Work required:
When you copy from the entries that follow, take only the lines from the one with "Bevor es losgeht, sollen" down to the one with "Масло оливковое Extra", keeping both ends and dropping every picture.

Extracted material:

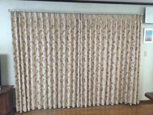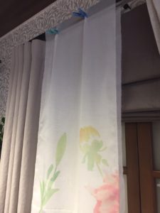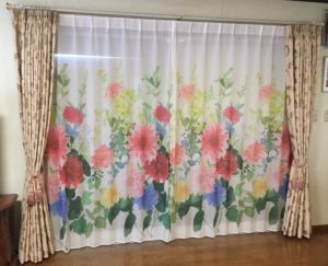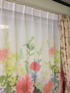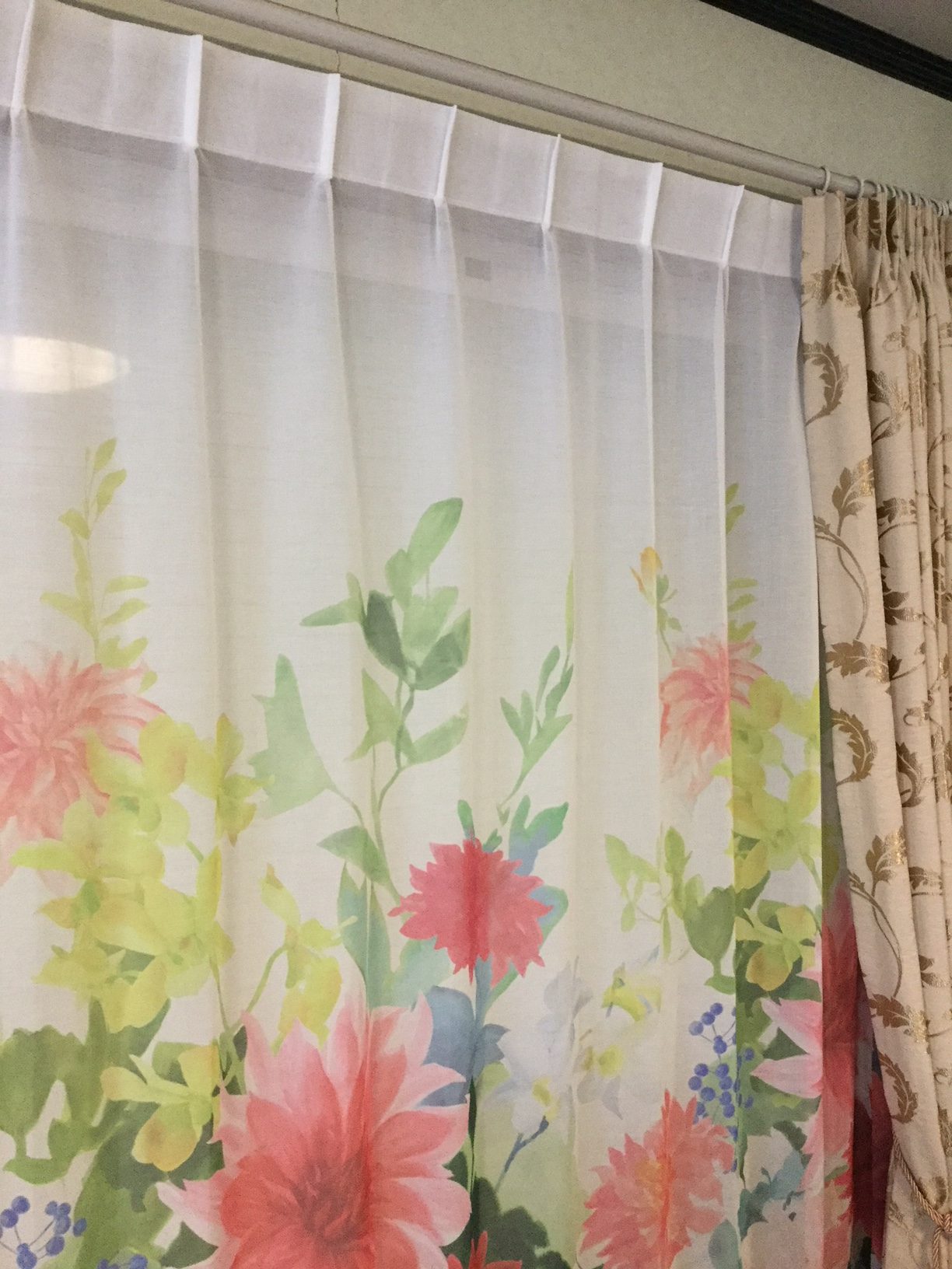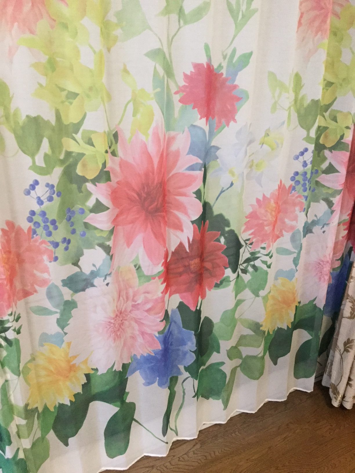 こんにちは、あにんつです。 大胆な花柄のレースカーテンです。部屋の中に花畑が広がりました 川島織物セルコン FF1191 山の高さや谷の幅をいろいろ試し、ドレープの出方を確認しました。 ドレープカーテンは、PASAYA RIVIERA GOLDです。エレガントで上品ですね
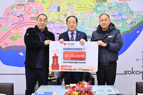 대한주택관리사협회 속초지부(지부장:장동식)는 8일 속초시청을 방문, 지역 내 취약계층 지원을 위한 성금 126만원을 시 이웃연대 희망나눔기금으로 적립했다.
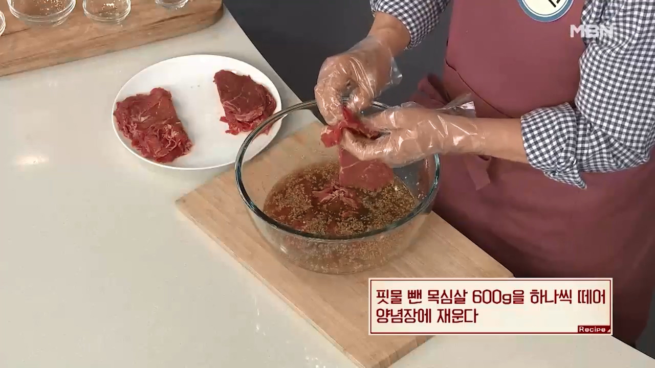 6. 핏물 뺀 목심살 600g을 하나씩 떼어 양념장에 재웁니다.
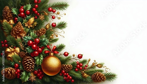 Fototapeta premium A festive Christmas border with pine branches, holly berries, and a golden ornament
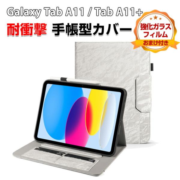 Galaxy Tab A11 8.7インチ 用の持ちやすい スタンド機能 カード収納 Sペン収納 Galaxy Tab A11+ 11ケース 耐衝撃 手帳型カバー 強化ガラスフィルム
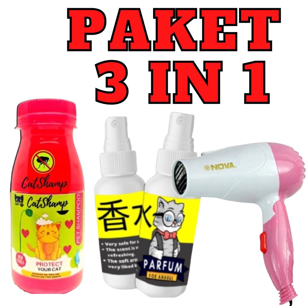 ♥SEMUA READY SELAMA MASIH BISA DIKLIK BELI♥ DISARANKAN ORDER BUBBLE WRAP AGAR BARANG TETAP AMAN SAMPAI TEMPAT TUJUAN PAKET 3 IN 1 -CATSHAMP 80ML -PARFUM KUCING -HAIRDRYER
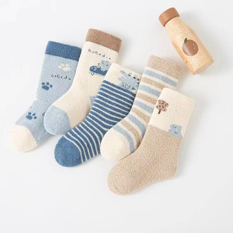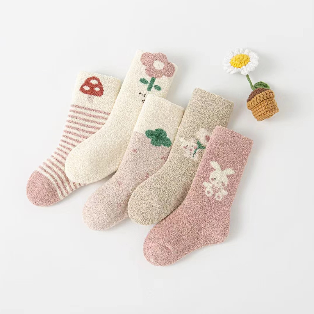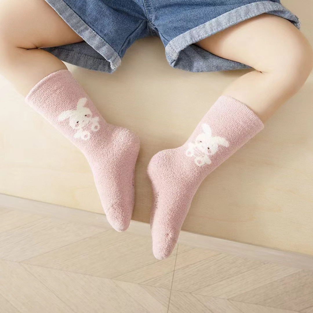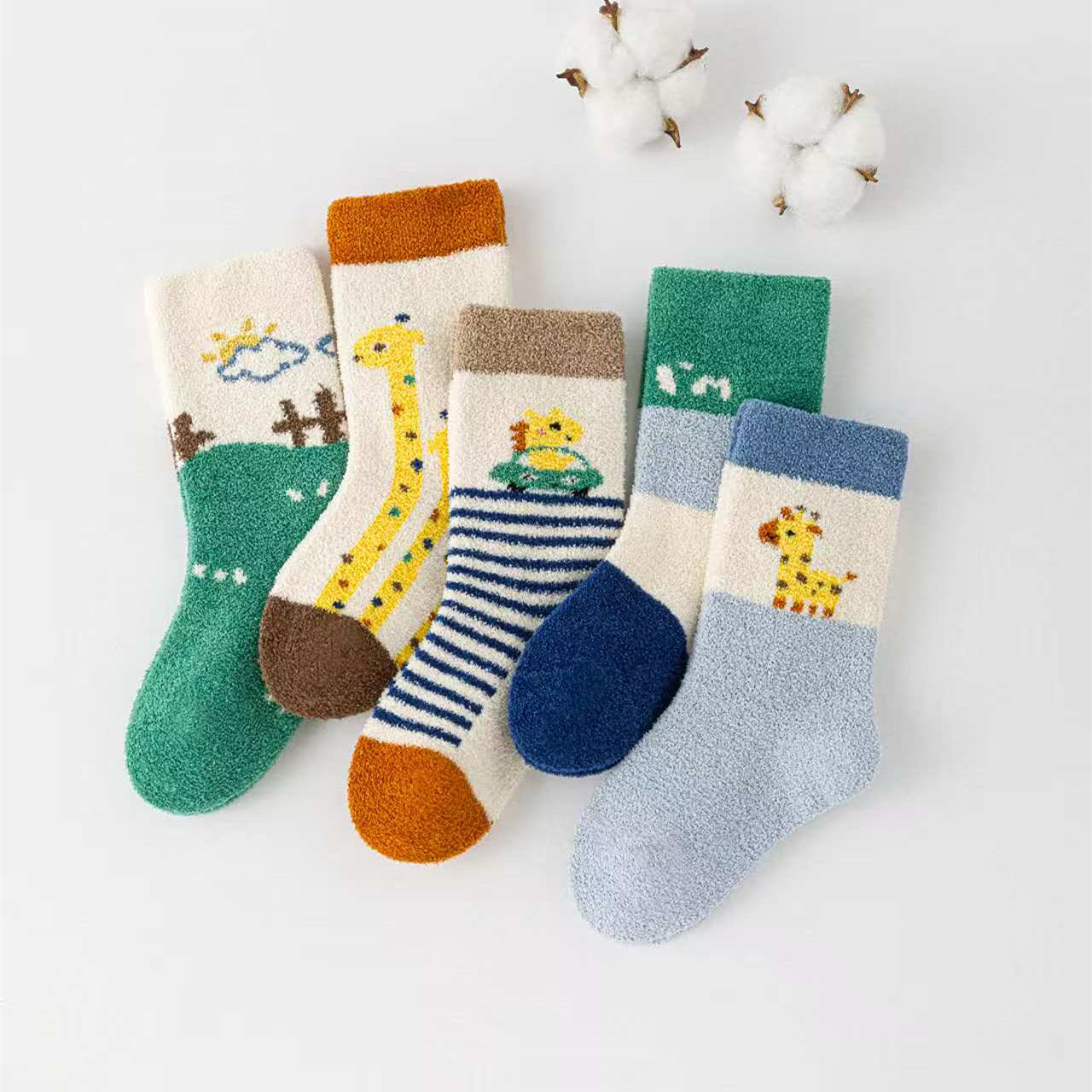 소년 소녀를위한 6 손가락 마우스 아기 겨울 따뜻한 산호 벨벳 양말 아기 종아리 양말 뼈없는 긴 튜브 다리 양말 0-3
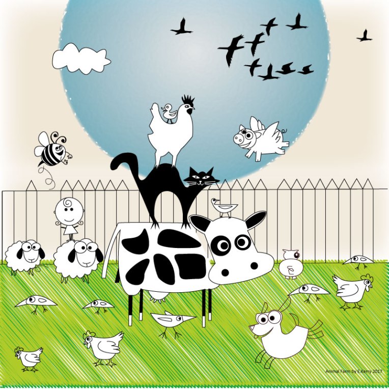 This is a little drawing I did (AI) initially, for a business card. I got a lot carried away and it became an abstracty-type farm scene.
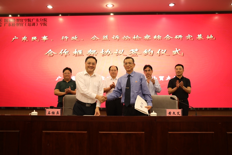 據悉,廣東民事、行政、公益訴訟檢察綜合研究基地由廣東省人民檢察院與廣東外語外貿大學合作設立,旨在進一步加強民事、行政、公益訴訟檢察理論研究,促進檢察理論與檢察實踐深度結合,構建新時代檢察理論研究新體系、新格局。今年5月,廣東省人民檢察院與國家檢察官學院廣東分院、廣東外語外貿大學進行合作洽談,達成三方合作共識,明確了“研究、教學、應用”的良性循環互動平臺合作框架。在此基礎上,省檢察院第七檢察部牽頭形成了《設立廣東民事、行政、公益訴訟檢察研究基地工作方案》,并得到最高人民檢察院審核同意和大力支持。研究基地建成后,雙方將在課題研究、課程研發、相互聘用教師、大學生實習基地建設、以及為檢察機關定向培養行政、民事和公益訴訟研究生方面,開展深度合作。
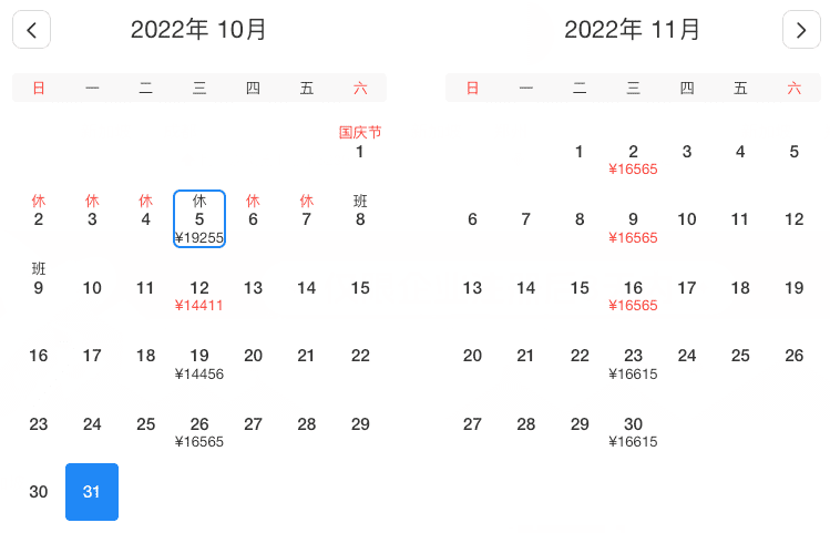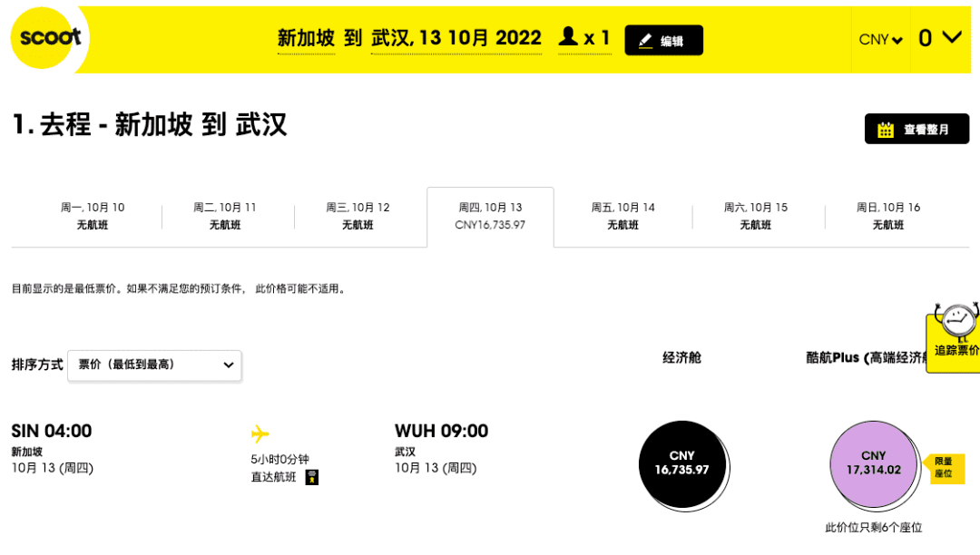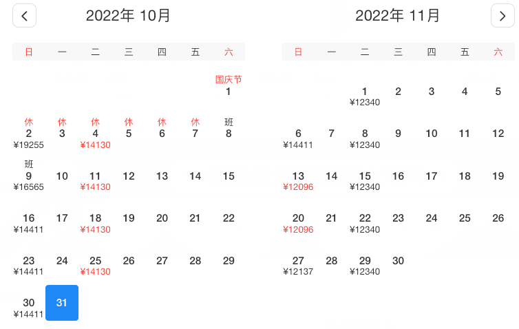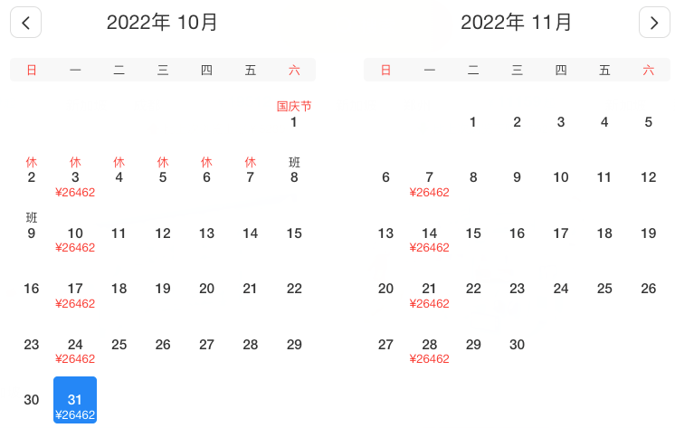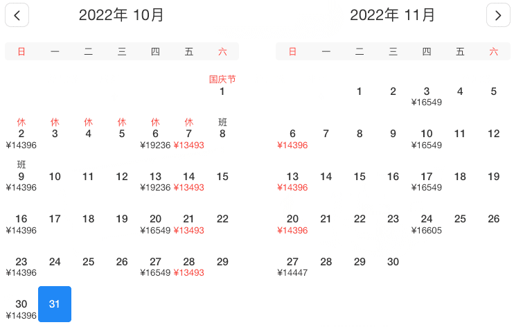 10月2、4、9、11、16、18、23、25、30日,最低¥14130
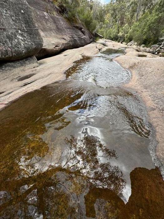 Bevor es losgeht, sollen wir aber im Ort noch zum „Venus Bad“ gehen und den Kängurus auf dem Weg dorthin einen Besuch abstatten. Wir vergessen die Zeit, als wir die wirklich süßen Kängurus sehen. (u.a. Mutter mit Baby). Viele Fotos wurden gemacht und das Sozialverhalten zwischen Müttern und Kindern, wurde ausgiebig beobachtet. Wir konnten uns kaum trennen, aber wir wollten noch mehr von der schönen Natur sehen. Das Venus Bad haben wir nach einem kurzen Spaziergang erreicht. Ein kleiner Bach, der den Berg hinunter floss, durchströmte mehrere kleine Becken, welche sich im glatten Granitgestein befanden. Wäre das Wasser nicht so kalt gewesen, hätte man ein Bad in diesem Naturbecken nehmen können.
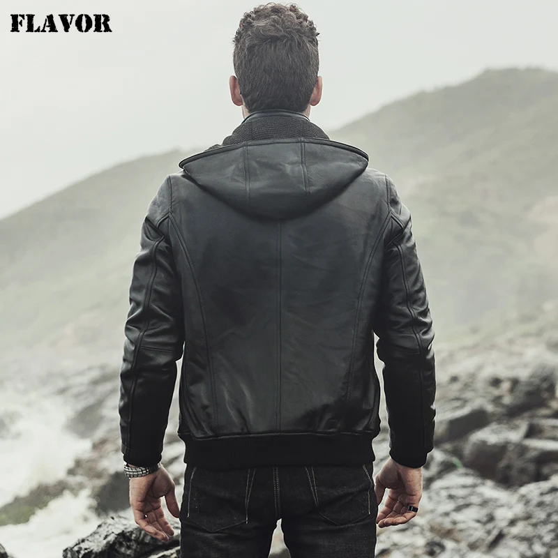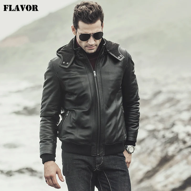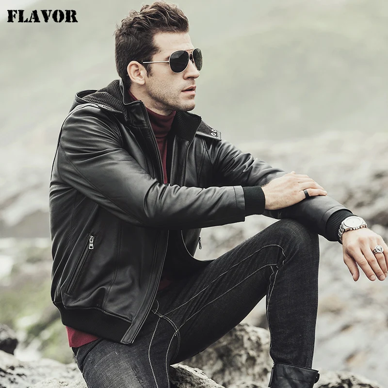Мужская мотоциклетная куртка FLAVOR, кожаная куртка из натуральной овчины с капюшоном, новинка зимы 2017
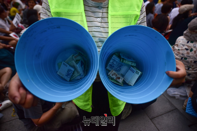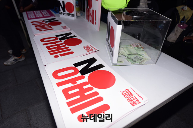 민노총, 한국진보연대 등 좌파단체가 모인 '아베규탄시민행동'이 3일 오후 서울 종로구 옛 일본대사관 앞에서 열린 아베 규탄 3차 촛불 집회에서 모금을 하고 있다.
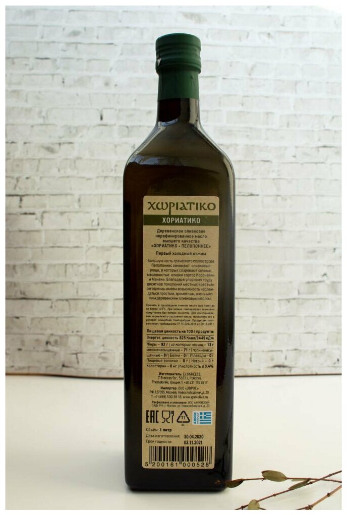 Масло оливковое Extra Virgin Хориатико/ Horiatiko Peloponnese, 1л Греция интересное:
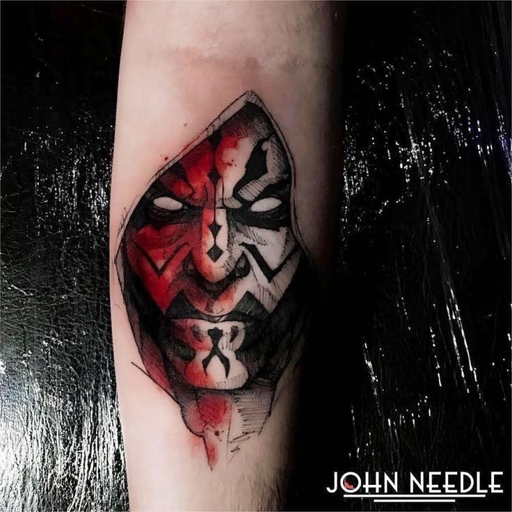 This tattoo depicts Darth Maul, an iconic Star Wars character, using water and brushstroke effects. The red and black colors contrast to emphasize the character’s dangerous and rebellious nature, and artistic touches give the tattoo a modern feel. The sharp lines and shadows on his face add depth, highlighting his powerful stance. This tattoo is an excellent choice for Star Wars fans and anyone seeking a dramatic, artistic design.

Answer below:
 Bevor es losgeht, sollen wir aber im Ort noch zum „Venus Bad“ gehen und den Kängurus auf dem Weg dorthin einen Besuch abstatten. Wir vergessen die Zeit, als wir die wirklich süßen Kängurus sehen. (u.a. Mutter mit Baby). Viele Fotos wurden gemacht und das Sozialverhalten zwischen Müttern und Kindern, wurde ausgiebig beobachtet. Wir konnten uns kaum trennen, aber wir wollten noch mehr von der schönen Natur sehen. Das Venus Bad haben wir nach einem kurzen Spaziergang erreicht. Ein kleiner Bach, der den Berg hinunter floss, durchströmte mehrere kleine Becken, welche sich im glatten Granitgestein befanden. Wäre das Wasser nicht so kalt gewesen, hätte man ein Bad in diesem Naturbecken nehmen können.
Мужская мотоциклетная куртка FLAVOR, кожаная куртка из натуральной овчины с капюшоном, новинка зимы 2017
 민노총, 한국진보연대 등 좌파단체가 모인 '아베규탄시민행동'이 3일 오후 서울 종로구 옛 일본대사관 앞에서 열린 아베 규탄 3차 촛불 집회에서 모금을 하고 있다.
 Масло оливковое Extra Virgin Хориатико/ Horiatiko Peloponnese, 1л Греция интересное:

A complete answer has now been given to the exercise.